Affairs$halodrie <- cut(Affairs$affairs, breaks = c(-Inf, 0, +Inf), labels = c("no", "yes"))

table(Affairs$halodrie)
## 
##  no yes 
## 451 150

Of note, when a continuous variable is “cut”, one must specify the minimum and the maximum value (or arbitrarly small or large values) as cutting points. So cutting in two halfs, is not one cutting point for cut, but three (always add two cutting points: one being the smallest value in the sample [or smaller, even -Inf, the other one being the largest value in the sample [or even Inf]).

Summary

For beginners, I would recommend car::recode. It provides both recoding and cutting in one function, and hence may be easier to apply at start. It also offers quite some flexibility.
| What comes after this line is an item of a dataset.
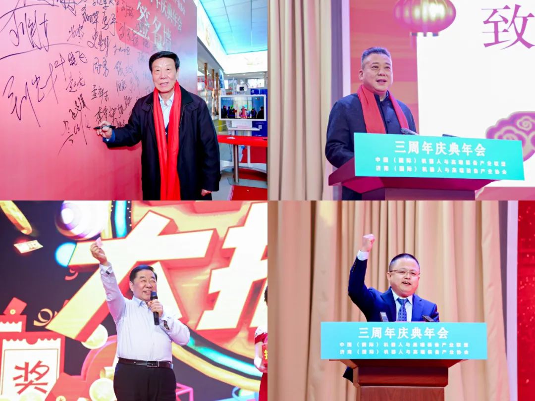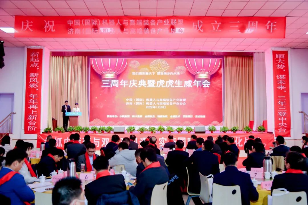 1月8日下午,中國(國際)機器人與高端裝備產業(yè)聯盟、濟南(國際)機器人與高端裝備產業(yè)協會隆重舉行協會成立三周年慶典和三生萬物虎虎生威迎春晚會。中、德、法120家企業(yè)200名代表參加會議,會議對三年來協會發(fā)展優(yōu)秀企業(yè)和個人進行了表彰,協會發(fā)布了促進內循環(huán)與雙循環(huán)增進產業(yè)鏈配套的倡議書,與中央廣播電視總臺中國交通廣播進行了合作簽約以及產學研、產業(yè)鏈合作等簽約,協會藝術團組織了精彩的文藝節(jié)目助力三周年慶典。
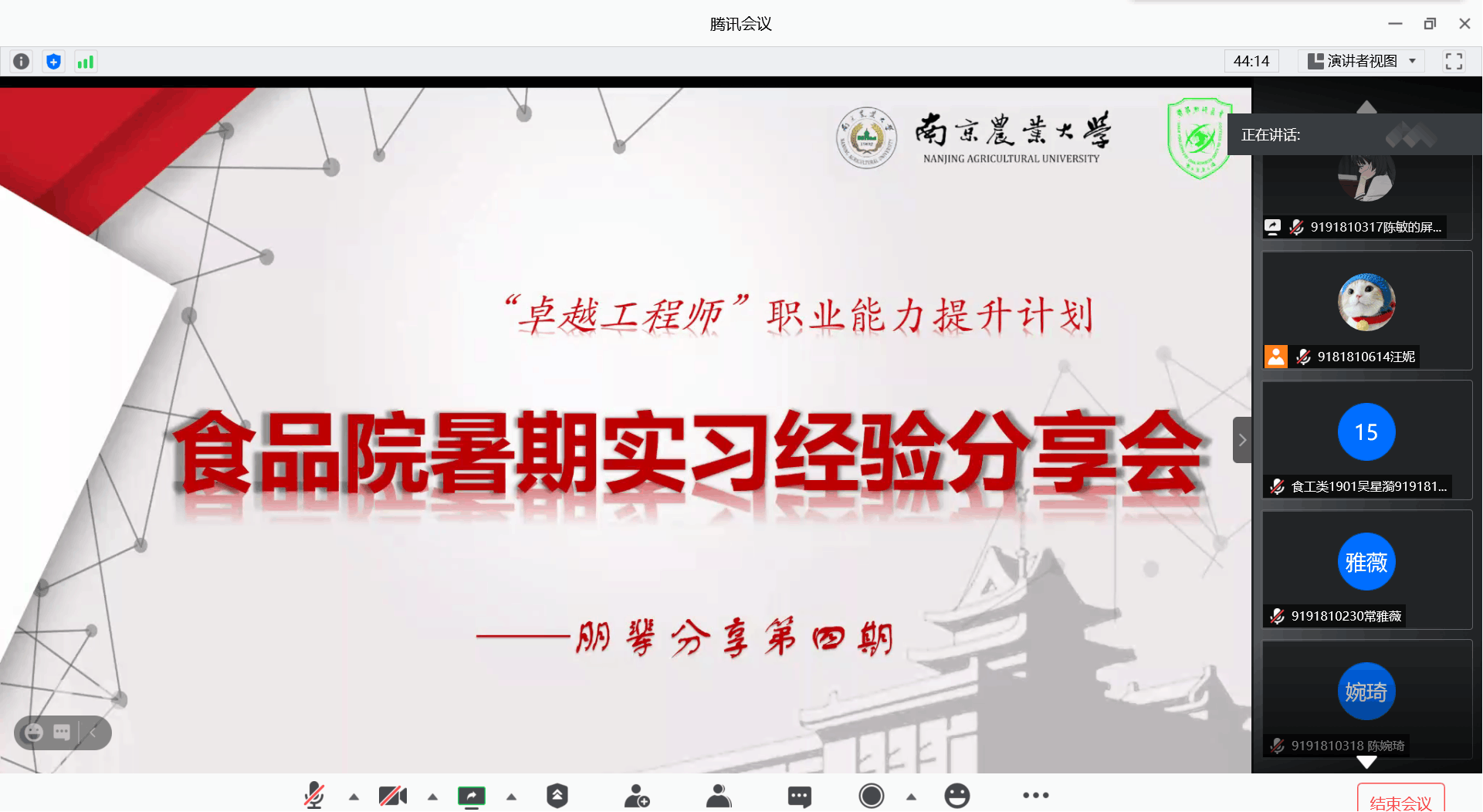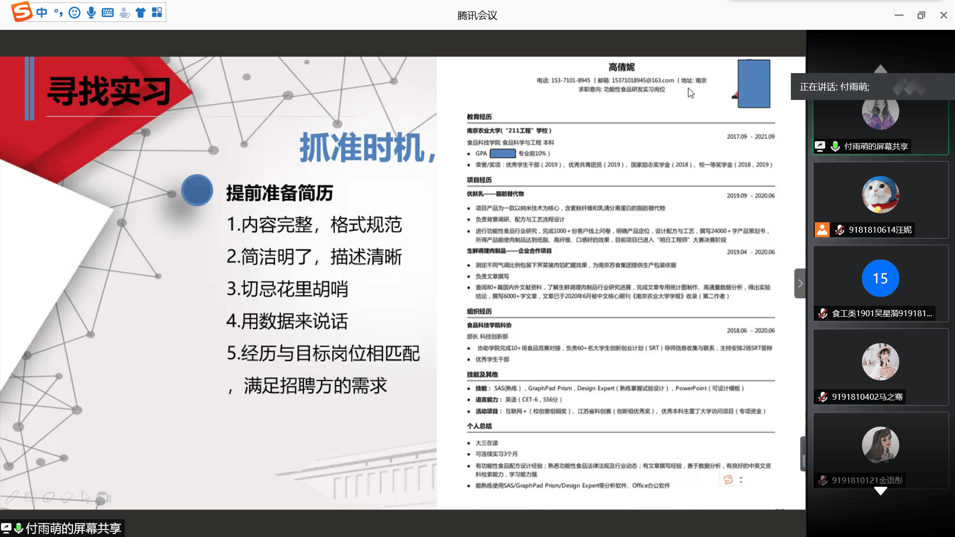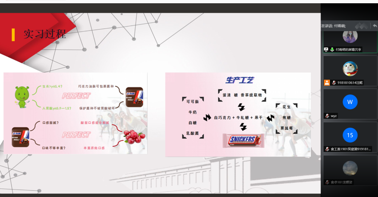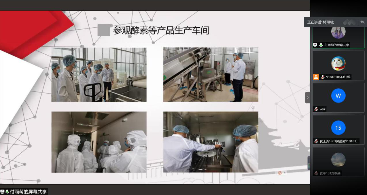 暑期实习分享会通过线上腾讯会议举行。来自食工卓越171班的付雨萌牛晓康、高倩妮三位同学受邀讲述了暑期实习故事,分享了实习心得,为学弟学妹们未来的实习规划提供了宝贵的经验。

Assume you are interested in marriages ranging from 5 to 15 years:

Affairs$years5_15 <- car::recode(Affairs$yearsmarried, "0:4 =  'no'; 5:15 = 'yes'; else = 'no'")

head(Affairs$years5_15)
## [1] "yes" "no"  "yes" "yes" "no"  "no"
table(Affairs$years5_15)
## 
##  no yes 
## 245 356

Wie gut schätzt eine Stichprobe die Grundgesamtheit?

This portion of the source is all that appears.